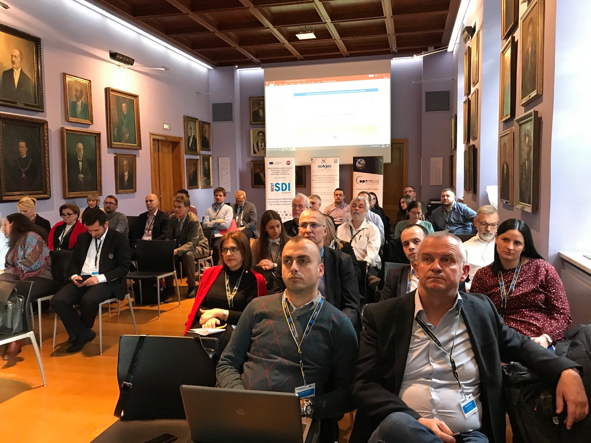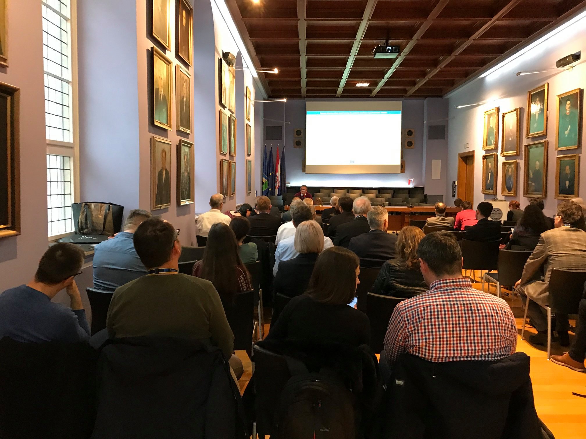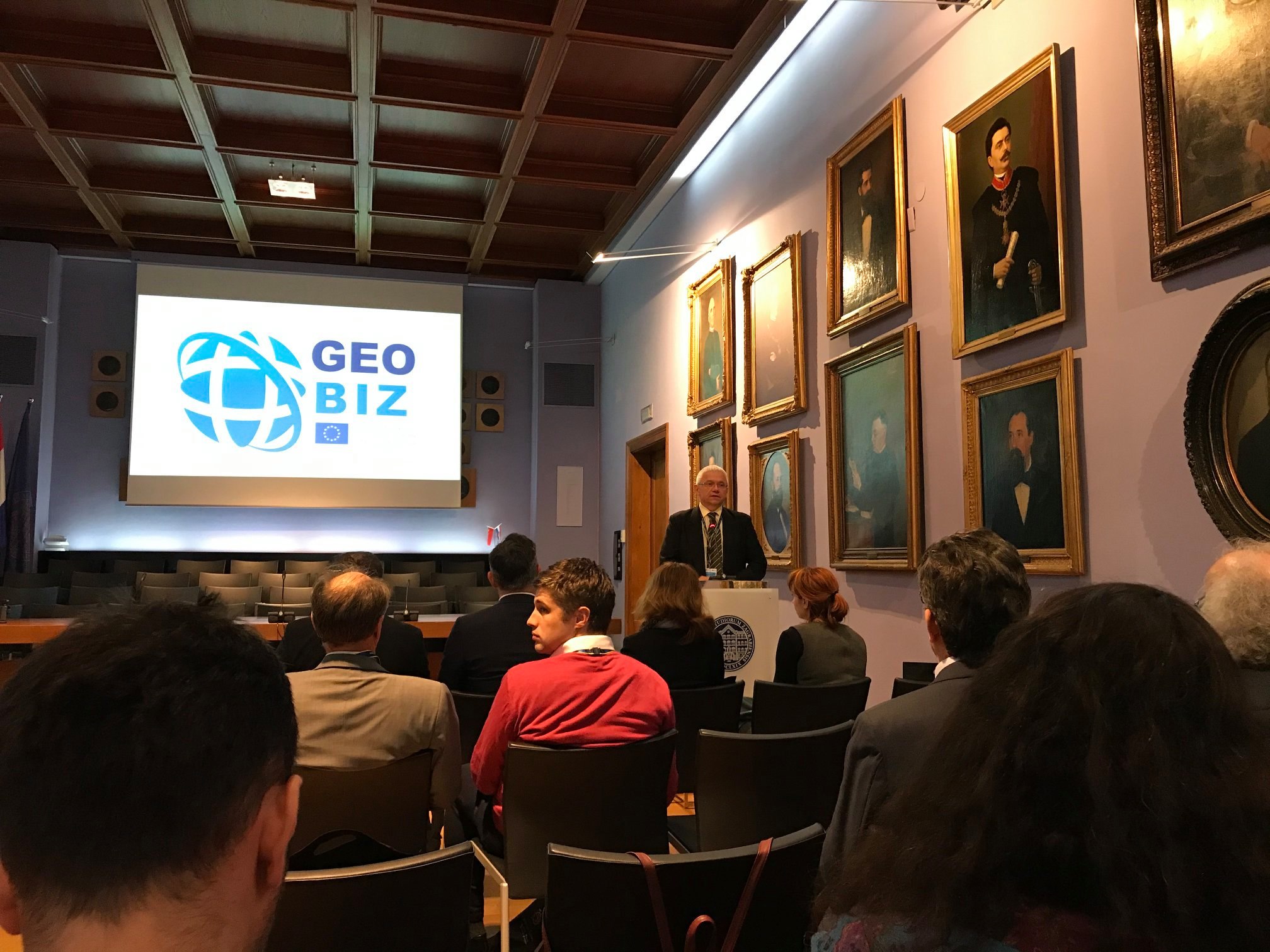 The official start of Erasmus + KA2 Capacity Building in Higher Education project GEOBIZ was November 15th 2019, but it was inaugurated on February 4th , 2020 in the Rectorate Aula of the University of Zagreb within the frame of the first project workshop – kick-off meeting. More than frothy project consortia participants together with the representatives of the University in Zagreb, Croatian Agency for Mobility and European Union Programs (AMPEU) and other local and international entrepreneurs attended the project launch and after the welcome speeches of the guests of honor, Prof. Damir Boras, PhD (Rector of the University of Zagreb), Antonija Gladović, M.Sc. (Director of the Agency for Mobility and EU Programmes, AMPEU) and Prof. Almin Đapo, PhD (Dean of the Faculty of Geodesy) they received the first information about the project from the project coordinator, Prof Željko Bačić, PhD, from the Faculty of Geodesy, University in Zagreb.
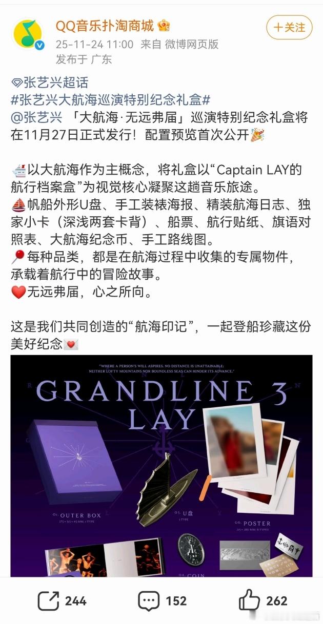 张艺兴 「大航海3·无远弗届」特别纪念礼盒来了!🛳以大航海作为主概念,将礼盒以“Captain LAY的航行档案盒”为视觉核心凝聚这趟音乐旅途。 ⛵帆船外形U盘、手工装裱海报、精装航海日志、独家小卡(深浅两套卡背)、船票、航行贴纸、旗语对照表、大航海纪念币、手工路线图。 大航海每一个舞台都值得珍藏👏🏻
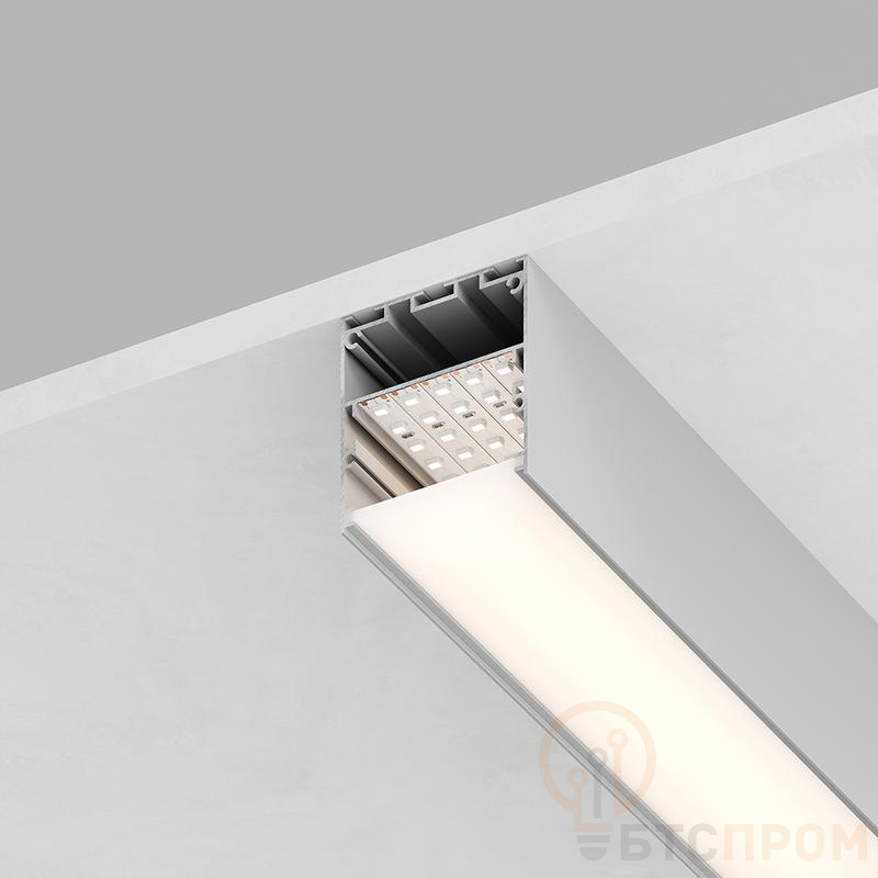 Профиль накладной для светодиодной ленты FERON CAB269 «накладной», цвет серебро, в комплекте 2 заглушки + экран + 4 крепежа, 2000*50*50мм
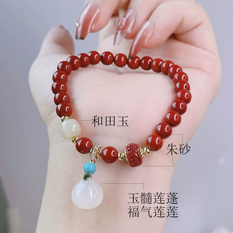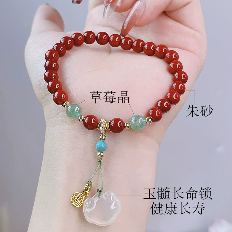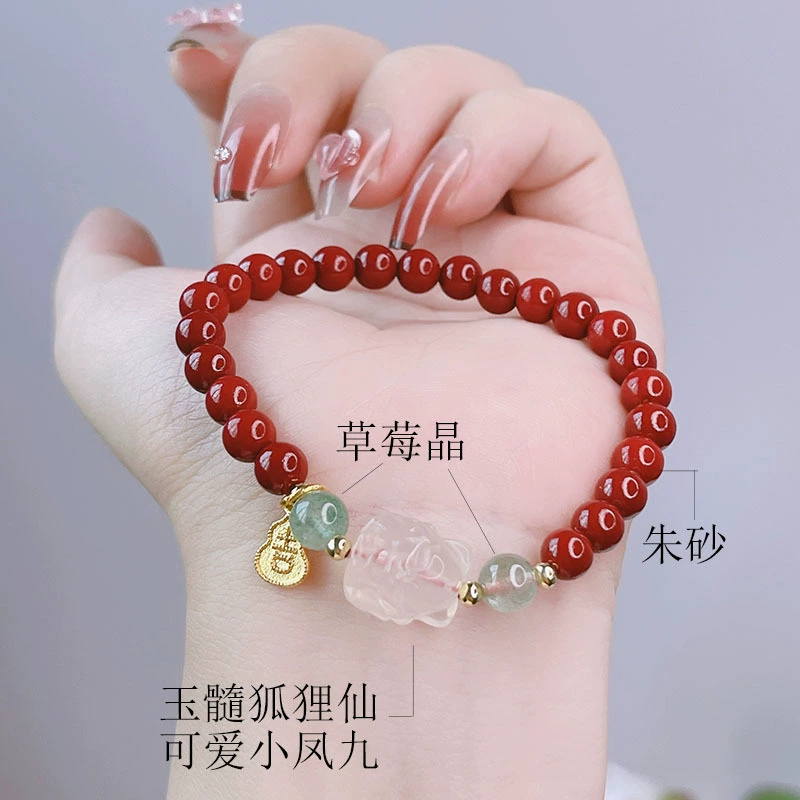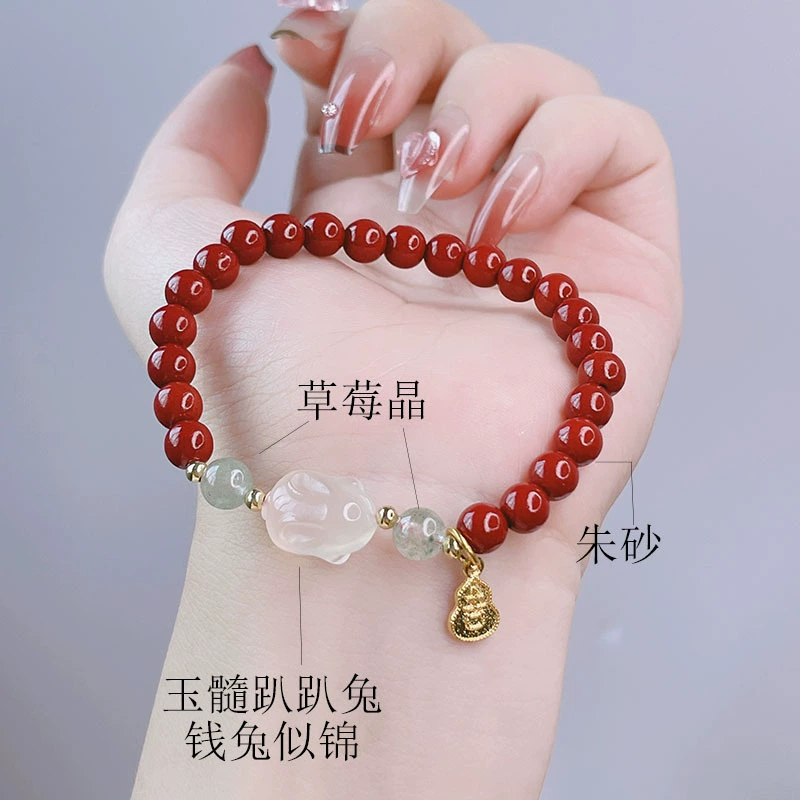 | nameOriginal | 2024 New Cinnabar Bracelet Women's Year of the Pig Rabbit Chalcedony Good Luck Longevity Lock Lotus Pengfeng Nine Bracelet Ornament |
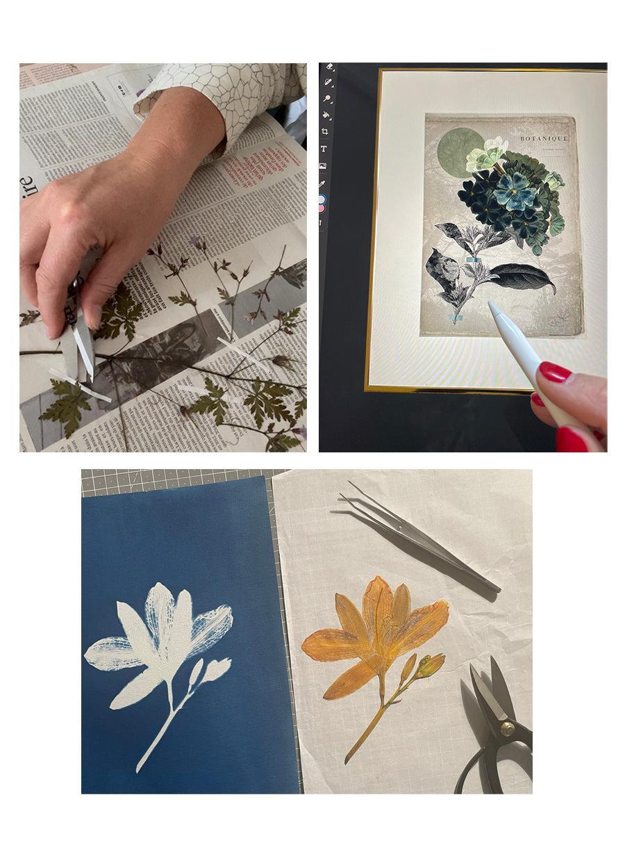 Dans mes collages, j’utilise ces végétaux pressés et séchés ou leurs empreintes réalisées en monotype ou cyanotype. Ces fragments découpés sont ensuite mêlés à des papiers d’art pour créer des compositions uniques.
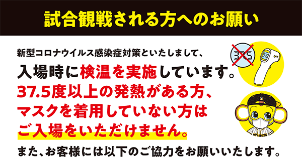 - ■球場内ではこまめな手洗いや手指消毒、咳エチケットの遵守をお願いします。
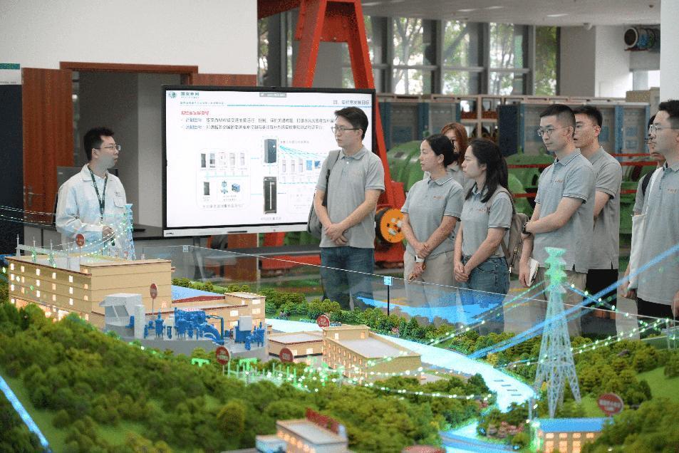 紧接着,实践团一行跟随系统技术中心一级科研员史华勃的脚步,走进了“中小型变速抽水蓄能运行控制及多能互补技术验证”国网公司实验室。四川水电、新能源资源丰富,依托国家重点研发计划项目,电科院建立起“中小型变速抽水蓄能运行控制及多能互补技术验证”实验室,是国内唯一全功率变速抽蓄、水光蓄多能互补现场验证平台,填补了国内空白。通过沙盘模型和专业讲解,老师和同学们了解了实验室发展历史和研究定位,并对于抽蓄技术和实验验证机理有了深层次的理解,深切体会到实际工程项目所要求的实用性、可靠性。
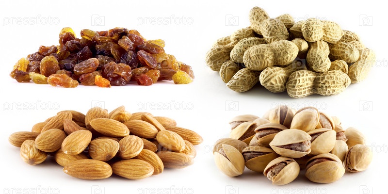 Изюм и орехи на белом фоне
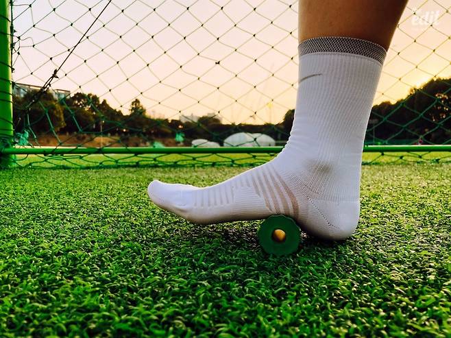 추천 아이템_풋롤러_10년 가까이 사용하고 있는 풋롤러를 추천한다. 달리기 전, 후로 발 근육을 풀어주기 위해 사용한다. 부드러운 탄성과 함께 롤러 중앙에 구멍이 있는 원통형 구조라 발을 굴리는 압력에 따라서 적절한 자극을 줄 수 있는 것이 가장 큰 장점이다. 골프공처럼 마사지하다가 놓쳐서 멀리 굴러가지도 않고 미끄럽지 않은 천연고무 소재라 추천한다. 작고 가벼워서 여행 중에도 가지고 다닐 수 있다.
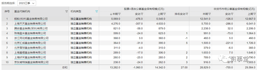 以第三方代销机构来看,蚂蚁、天天等头部机构,保有规模在3季度有所减少。
++++++++
▸ Problem description
A word-for-word copy of the records above is needed, pictures excluded.

▸ Output
 The official start of Erasmus + KA2 Capacity Building in Higher Education project GEOBIZ was November 15th 2019, but it was inaugurated on February 4th , 2020 in the Rectorate Aula of the University of Zagreb within the frame of the first project workshop – kick-off meeting. More than frothy project consortia participants together with the representatives of the University in Zagreb, Croatian Agency for Mobility and European Union Programs (AMPEU) and other local and international entrepreneurs attended the project launch and after the welcome speeches of the guests of honor, Prof. Damir Boras, PhD (Rector of the University of Zagreb), Antonija Gladović, M.Sc. (Director of the Agency for Mobility and EU Programmes, AMPEU) and Prof. Almin Đapo, PhD (Dean of the Faculty of Geodesy) they received the first information about the project from the project coordinator, Prof Željko Bačić, PhD, from the Faculty of Geodesy, University in Zagreb.
 张艺兴 「大航海3·无远弗届」特别纪念礼盒来了!🛳以大航海作为主概念,将礼盒以“Captain LAY的航行档案盒”为视觉核心凝聚这趟音乐旅途。 ⛵帆船外形U盘、手工装裱海报、精装航海日志、独家小卡(深浅两套卡背)、船票、航行贴纸、旗语对照表、大航海纪念币、手工路线图。 大航海每一个舞台都值得珍藏👏🏻
 Профиль накладной для светодиодной ленты FERON CAB269 «накладной», цвет серебро, в комплекте 2 заглушки + экран + 4 крепежа, 2000*50*50мм
 | nameOriginal | 2024 New Cinnabar Bracelet Women's Year of the Pig Rabbit Chalcedony Good Luck Longevity Lock Lotus Pengfeng Nine Bracelet Ornament |
 Dans mes collages, j’utilise ces végétaux pressés et séchés ou leurs empreintes réalisées en monotype ou cyanotype. Ces fragments découpés sont ensuite mêlés à des papiers d’art pour créer des compositions uniques.
 - ■球場内ではこまめな手洗いや手指消毒、咳エチケットの遵守をお願いします。
 紧接着,实践团一行跟随系统技术中心一级科研员史华勃的脚步,走进了“中小型变速抽水蓄能运行控制及多能互补技术验证”国网公司实验室。四川水电、新能源资源丰富,依托国家重点研发计划项目,电科院建立起“中小型变速抽水蓄能运行控制及多能互补技术验证”实验室,是国内唯一全功率变速抽蓄、水光蓄多能互补现场验证平台,填补了国内空白。通过沙盘模型和专业讲解,老师和同学们了解了实验室发展历史和研究定位,并对于抽蓄技术和实验验证机理有了深层次的理解,深切体会到实际工程项目所要求的实用性、可靠性。
 Изюм и орехи на белом фоне
 추천 아이템_풋롤러_10년 가까이 사용하고 있는 풋롤러를 추천한다. 달리기 전, 후로 발 근육을 풀어주기 위해 사용한다. 부드러운 탄성과 함께 롤러 중앙에 구멍이 있는 원통형 구조라 발을 굴리는 압력에 따라서 적절한 자극을 줄 수 있는 것이 가장 큰 장점이다. 골프공처럼 마사지하다가 놓쳐서 멀리 굴러가지도 않고 미끄럽지 않은 천연고무 소재라 추천한다. 작고 가벼워서 여행 중에도 가지고 다닐 수 있다.
 以第三方代销机构来看,蚂蚁、天天等头部机构,保有规模在3季度有所减少。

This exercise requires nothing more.